His wife Datin Thayamany said in an interview to New Sunday Times (31 December 2006):
Thuraisingham, the first leader of the Ceylon Federation of Malaya, a political party representing the small Tamil community from Sri Lanka, was appointed a senator in 1957, retiring in 1974 due to ill health.
Despite his failing health, he continued as Chairman of Malaysian Association for the Prevention of Tuberculosis (MAPTB) until his death at age 80, as he took the challenges of tuberculosis prevention seriously. The TB Diagnostic Clinic in Setapak is named after Dato Thuraisingham.
Of the many committees Thuraisingham served on, he especially enjoyed being Chairman of the Selangor Turf Club on Jalan Ampang, a popular position he held for over 20 years overseeing the massive development of the turf club from a small colonial racing club to one that many Malaysians were proud to participate in.

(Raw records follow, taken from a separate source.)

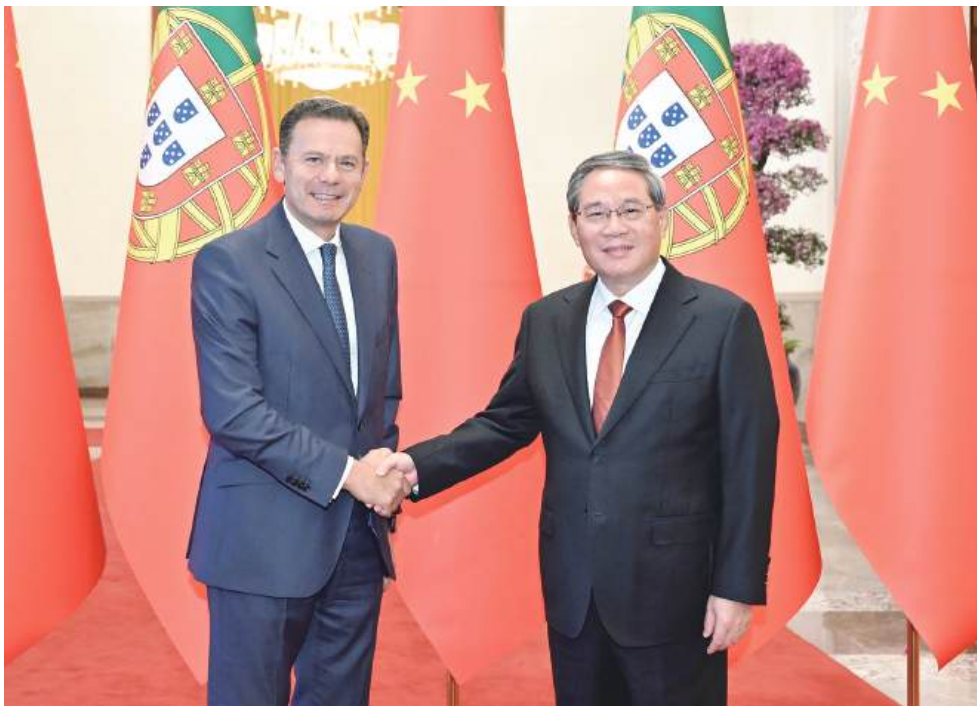
Premier Li Qiang (right) shakes hands with Portuguese Prime Minister Luis Montenegro, who is in China for an official visit, at the Great Hall of the People in Beijing yesterday. Montenegro arrived in Macao last night for a one-day visit, part of his official China trip.
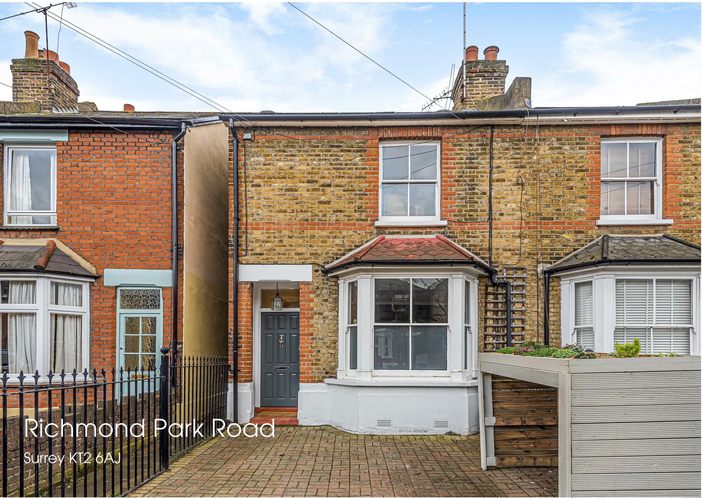
Richmond Park Road Surrey KT2 6AJ
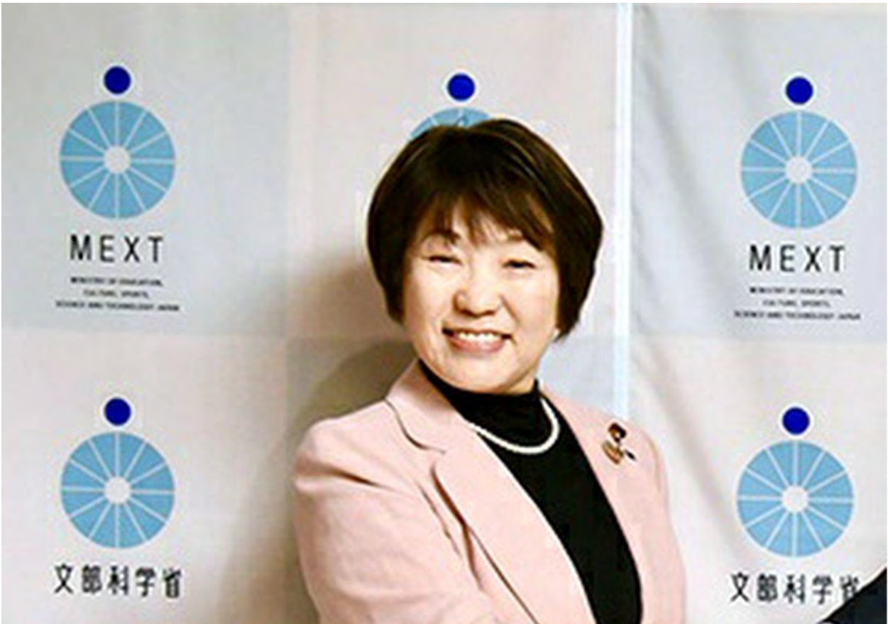
Minister of Education, Culture, Sports, Science and Technology Toshiko Abe Feb. 17, 2025
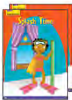
2 Strategy Posters
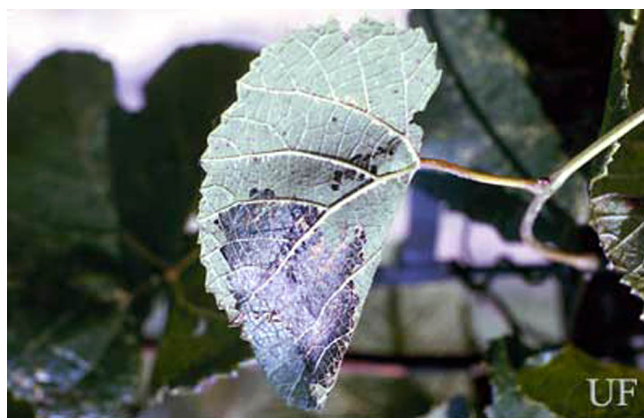
Figure 3. Damage to bunch grape foliage caused by the grape leafroller, Desmia funeralis (Hübner).

Wild and cultivated grapes, Vitis spp., are the principal hosts of the grape leafroller. Two varieties of redbud, Cercis canadensis and C. chinensis ; Virginia creeper, Parthenocissus quinquefolia ; and Oenothera have been reported as occasional hosts.
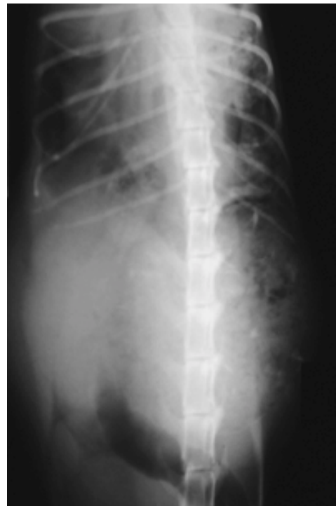
Figure 2 Ventro-dorsal view of an abdomen of the same cat.
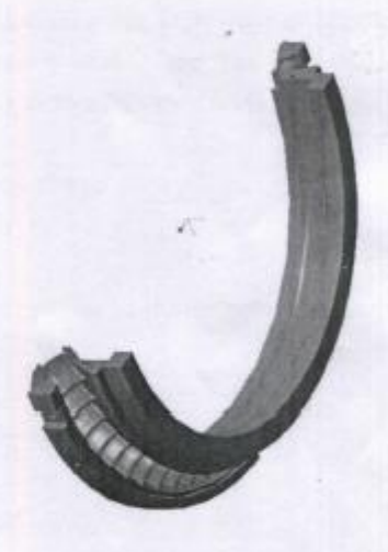
Figure: Stationary Blade Ring Complete and in Half part (Upper Part and Lower Part identical)

Stationary Blade Ring (SBR) is machined from mono block forged rings in two halves. An SBR is used in the First Stage of HP and IP turbine which is a zone of high temperature. This SBR is subjected to extreme creep fatigue stresses and is manufactured under close tolerances and with special machining operations performed on it.
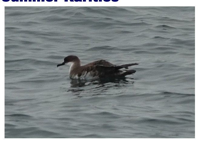
Great Shearwater, New London Ferry to Orient Point, CT side, Jo Fasciolo, 24 July 2024
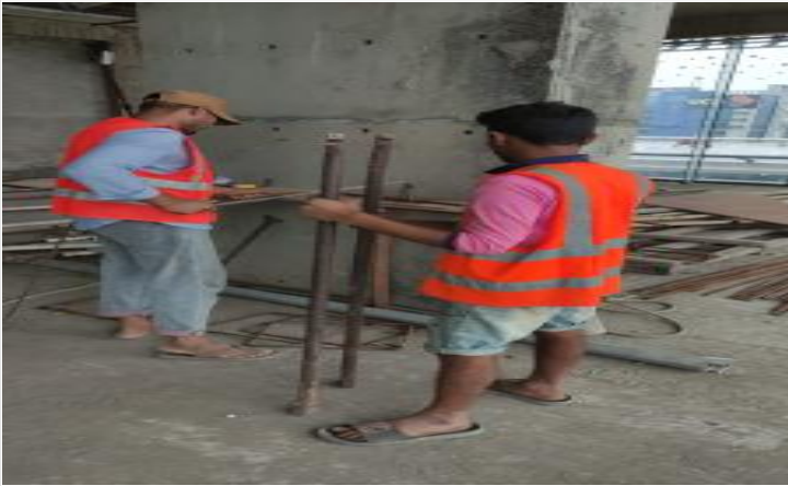
L-16-Column Stirrups making on 01-04-23
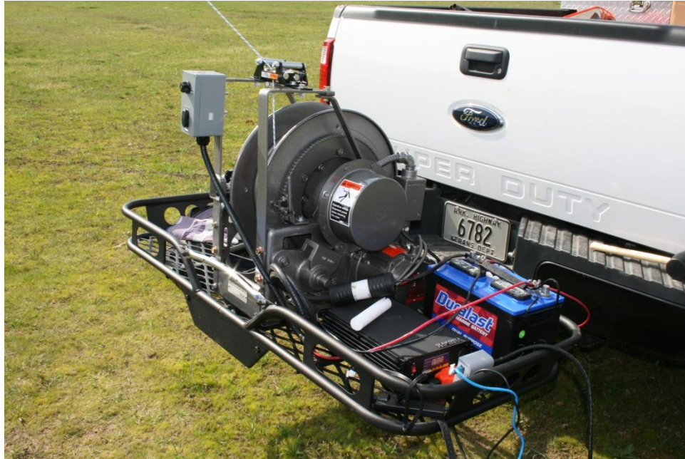
Figure 3. 12 volt DC electric winch
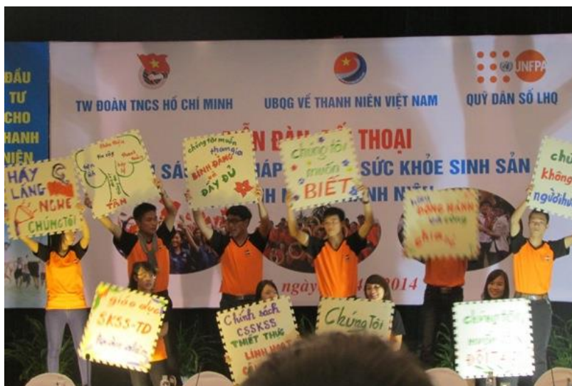
Youth send a message to policy makers in Dialogue

Around 1000 peoples (both online and direct) has engaged in signature motivational campaign "Sign for rights" to support sexual and reproductive health rights of young workers. Although the reasons for support have been quite diversified, these have still primarily focused on rights recognition of youth's sex and reproductive health care and asked the government to take action to meet for youth rights.

Thuraisingham's leadership brought many momentous changes, as he nurtured the Club's transition from a European concern to a local one. Among these changes were the construction of labourers' quarters, improvements to the stables and an increased level of concern for the well-being of the club's staff.
It was also during Thuraisingham's tenure that radio broadcasts of race proceedings began in Malaya. This was in 1954.
Two years later, Thuraisingham successfully replaced the Club's old attap shed with a $1mil grandstand. Built to accommodate the growing number of race fans, the new grandstand was declared open by the Prime Minister of Malaya, Tunku Abdul Rahman, on 3 April 1956. This development helped to further improve the club's growing reputation for being an exceptional and professional facility.
The club's progress faced a slight hiccup in 1957 when the "Great Floods" hit Kuala Lumpur. Water-logged roads made it difficult for outstation horses to reach the club by land, but the club surmounted the problem by arranging to have the horses brought in by ferries. Despite the fact that the grandstand was under less than three inches of water, the foreign riders refused to co-operate. Thuraisingam decided to rope in the entire team of track riders and riding boys to carry on with the races instead.
Clough Thuraisingham died in the early hours of the morning of 30 March 1979.